Location: Russia, Ekaterinburg
Area: 55 sq. m
Project Status: implemented
Year: 2021
Photo : Evgeni Sverdlov

Omérta is a unisex clothing store with a focus on detail. We were asked to develop a space based on three words: sexuality, virgin, freedom.

We focused on the combination of brutal concrete forms and soft fabrics.
The entire structure of the building was exposed: monolithic ceilings, concrete columns, and overhanging slabs. We supplemented the existing geometry with another concrete volume, turning it into a sofa-showcase.
All engineering communications were hidden behind five-meter fabric canvases falling to the floor. And against the background of enveloping textiles, a concrete block was placed—the checkout area. All the concrete products were cast and molded together with the workers on site.
In contrast with the large shapes, there are many details in this project. Serifs on the rails that secure clothes hangers. Minimalist fabric headwear mannequins on a column fixed with magnets. Embroidery on fabrics with text messages that convey brand values.
A checkout counter is a concrete block on the outside and a functional cabinet on the inside.
During the concept phase, we reviewed several different designs for this area. Natural stone is very heavy (about 4 tonnes); assembling from blocks of different shapes is rather small scale against textile; casting such mould at production site is expensive.

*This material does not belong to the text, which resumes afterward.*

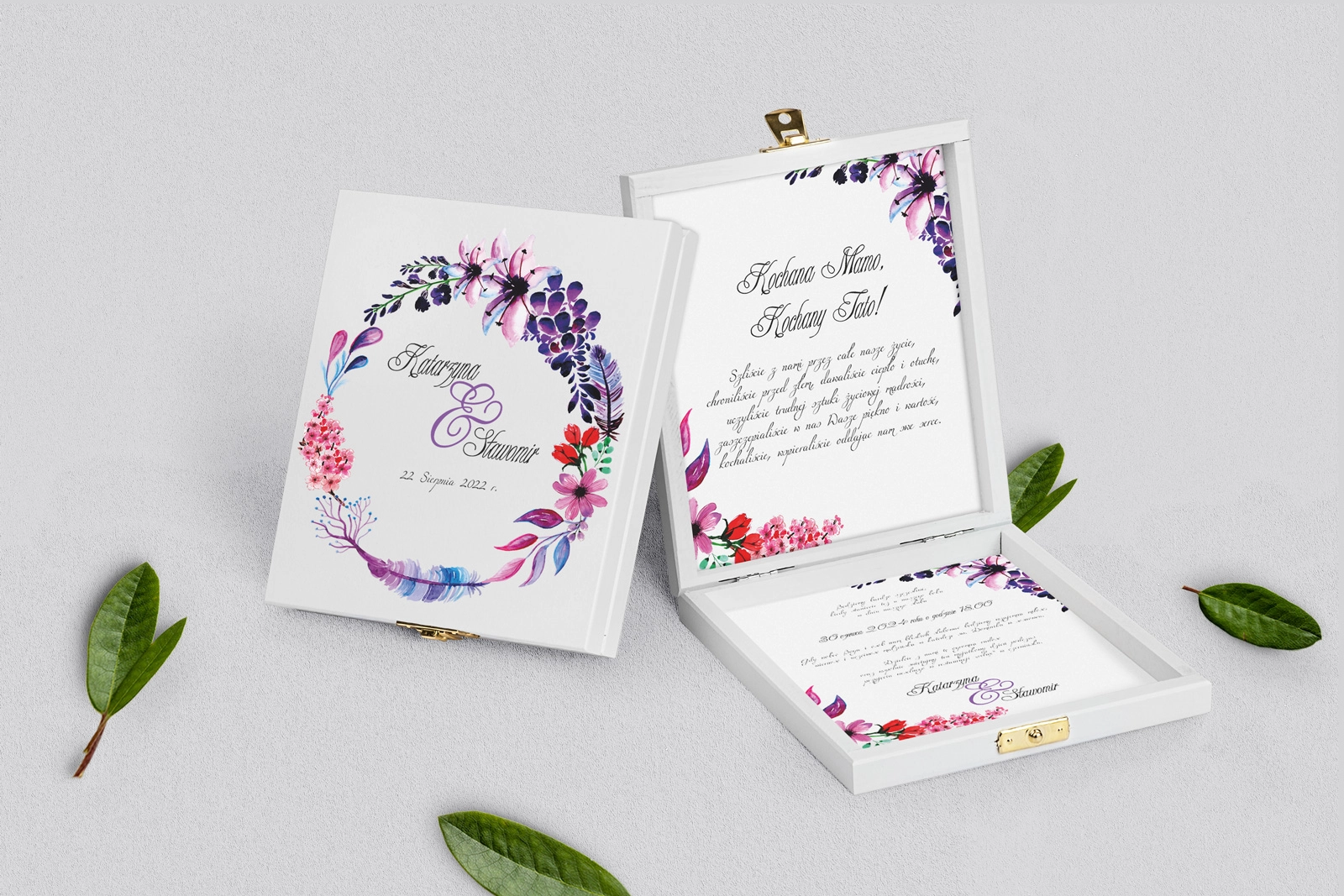Zaproszenie dla Rodziców - białe Akwarelowe Wianki Motyw 7

Therefore we decided to make the stone ourselves, and set about designing it:
1. At first, we made 4 specimens with different composition and pigment (the block had to be darker than the basic concrete in the area).
2. Then we assembled a framework made of plywood and made a niche inside the mould for the future cabinet.
3. We poured the concrete mixture and waited until the concrete had begun to set, but had not hardened yet
4. We marked an outline of the future block and proceeded with shaping the block with a perforator.
5. We coated it with a mat varnish before opening.
In addition to clothes, the shop sells hats and balaclavas.
Textile dummies made of soft fabric in the shape of a head were designed to exhibit them. It was decided to place them on a column near the checkout area. In order not to disturb the load-bearing structure, we used magnets. 5 magnets were glued to the column and 5 magnets were sewn into the textile dummies. Thus, it is possible to vary the exhibit of headwear: to leave 3 dummy heads or all 5, depending on the availability of models.
A showcase sofa made of concrete serves two functions: it is a waiting area in front of the try-on room and a showcase for decorative items.
We projected and duplicated the concrete slab from the ceiling to the floor exhibiting the design features of the space. By creating a contrast of materials and forms—a simple concrete slab and a bionic fabric sofa—we accentuated the brand particularity.
The concrete slab was poured on site. The framework was made of plywood, and expanded polystyrene was used inside to soften the shape.
The sofa was stitched by hand. First of all, we made a few mockups to understand how to achieve such shape and what fabric was required. Having approved the patterns, we proceeded with cutting. There are two cushions on each side of the sofa. The lower one is for softness, and is made from several layers of sheathed foam. The top one is finishing, which has a bionic shape.
The clothes rails were also customized, as we needed concealed fixtures and notches for hangers in every 10 cm to evenly hang the clothes.
We made the rail structure in two parts: the base was a metal plate with a protruding element, and a metal guide with notches, on which the clothes would hang.
In order to make the fixtures concealed, we made a groove in the wall for metal plates, fastened them and plastered the wall over them. After finishing the wall, we connected the element protruding from the wall with the rail.
That's how we achieved an effect of rails built into the wall without additional supports and angle brackets.
There was a limited implementation period, therefore we had to prepare the planning solution with minimum changes. The general arrangement of areas remained the same. We only optimized the size of the utility/storage room and allotted a try-on room area. To do this, we demolished a wall that separated the utility room and the main hall. We erected a new lavatory made of foam concrete blocks with a walkable roof.
The main zoning element in the common room was textiles. This, on the one hand, perfectly fitted into the concept and, on the other hand, helped save time and budget during the implementation.